QAエンジニア×UXデザイナーが語る、信頼されるAIプロダクトの評価設計

QAエンジニア×UXデザイナーが語る、信頼されるAIプロダクトの評価設計

生成AIによって、プロトタイプや新機能を素早く形にできるようになりました。一方で、「一度はうまく動いたが、条件が変わると期待どおりの回答にならない」「技術的には問題がなくても、ユーザーに役立つか判断できない」といった難しさもあります。

同じ入力でも出力が変わり得るAIプロダクトでは、仕様どおりに動くかだけでなく、何を「良い回答」「良い体験」とするのかを定め、実際の利用から継続的に学ぶ評価設計が必要になります。

今回は、弊社で開発しているAIエージェント向けコンテキスト基盤「Phennec(フェネック)」のQAを担当し、ドッグフーディングにも携わるマケイさんと、UXデザイナーの菅原さんにインタビュー。AIプロダクトの評価が注目される背景や開発現場での気づき、さらにQAとUXのそれぞれの領域で、AIプロダクトの品質をどう高められるのかを伺いました。

話し手

マケイ・シュローダー/QAエンジニア
PhennecのQA、ドッグフーディングのオンボーディングやフィードバック窓口を担当。

菅原 大介/UXデザイナー
ユーザー調査や評価指標の設計を通じ、プロダクト開発における顧客理解と意思決定を支援。

なぜ今、AIプロダクトの「評価設計」が重要なのか

従来のシステム開発では、定めた要件や仕様どおりに実装されているかをテストすることで品質を確認できました。しかしLLMを組み込んだプロダクトは、入力の表現や参照情報、利用するモデルなどによって出力が変化します。「想定した文章と一致したから合格」という判断だけでは不十分です。

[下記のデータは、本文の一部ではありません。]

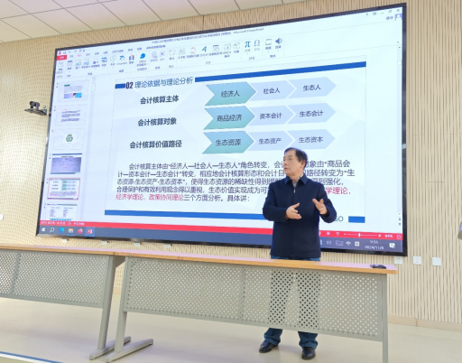 8日上午在修德楼阶梯教室,袁教授以《中国自主环境资源会计研究:基于概念、历史与未来的解读》为题,为必威西汉姆联骨干教师、硕士及博士生做专题报告。环境资源会计作为会计学的一个重要分支,专注于记录、分析和报告与环境资源相关的财务活动,涵盖了自然资源的财务价值评估及环境资源的合理利用、管理、控制及保护等方面的会计活动。环境会计是以经济可持续发展战略目标为指导,运用会计学的基本理论与方法,对企业和其他组织对环境产生影响的经济活动进行核算与监督,为企业内部决策提供信息支持的一种管理信息系统。袁教授介绍了会计核算主体、对象和价值路径的转变,强调了会计核算中经济效益、社会效益和生态效益的兼顾;影响环境履约责任的重要因素,例如企业文化、经营观念、战略规划等。袁教授介绍了资源环境会计研究的目标宗旨、逻辑主线及研究前景,强调了深化生态文明思想、构建具有中国特色的环境资源会计体系的重要性。他指出未来研究将聚焦于构建中国化环境会计理论体系、制定环境会计指南、探索生态补偿价值实现机制等战略目标。在成本控制和信息披露方面,袁教授详细讲解了环境完全成本指标、环境大收入指标、环保专用基金指标和环境所有者权益指标等关键指标,这些指标对于企业环保策略的制定和环保活动的经济效益评估具有重要意义。

そこで注目されているのが、AIシステムが目的に沿った結果を返しているかを、テストデータや評価基準で継続的に確かめる「Eval(イーバル)」です。AI評価ツールを提供するBraintrustは、この変化を「Evals are the new PRD」と表現しています。構造化された評価項目やテストが、仕様や受入基準、改善の方向性を示すという考え方です。

アイスリーデザイン菅原

菅原さんは、AIによって開発が高速になるほど、企画・設計段階に評価を組み込む重要性が増すと話します。

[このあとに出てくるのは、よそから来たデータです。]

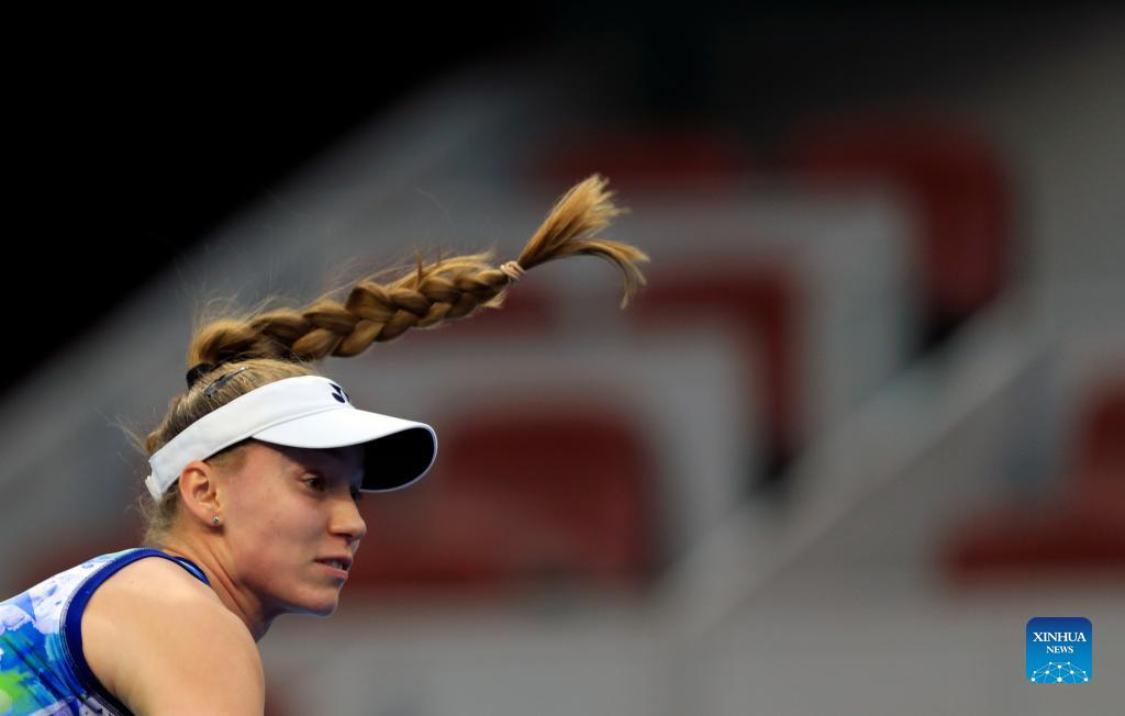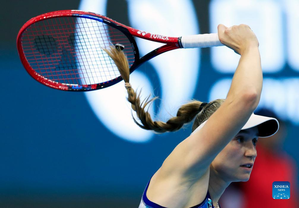 Elena Rybakina of Kazakhstan competes during the women's singles semifinal between Elena Rybakina of Kazakhstan and Liudmila Samsonova of Russia at China Open tennis tournament in Beijing, capital of China, Oct. 7, 2023. (Xinhua/Luo Yuan)

「従来はUXデザイナーが前半、QAエンジニアが後半に入ることが多くありました。しかし開発が速くなると、後から認識の違いが分かったときの手戻りも大きくなります。何を良い状態とするのかを設計段階から考え、評価の仕組みを先に持つことが重要です」(菅原さん)

テストや品質確認を早い段階へ移す考え方は「シフトレフト」と呼ばれます。誰にどのような価値を届け、何を満たせばリリースできるのかを先に定義する。AIプロダクトの評価は、最後の関門から開発全体の方向を定める役割へ変わりつつあります。

「シフトレフト」で評価を開発の初期に

リサーチエンジニアが担う役割や、AIプロダクトで評価設計が求められる背景については、こちらの記事で解説しています。

リサーチエンジニアとは?AIプロダクト開発を支える役割と評価設計

AIプロダクトの品質は「一度うまく動く」だけでは測れない

AIの出力品質は、LLMの性能だけでなく、入力内容、参照データ、接続する外部ツール、ファイル形式などの組み合わせで変化します。そのため、代表的な操作が一度成功しただけでは、実際の利用環境でも安定して価値を提供できるとは判断できません。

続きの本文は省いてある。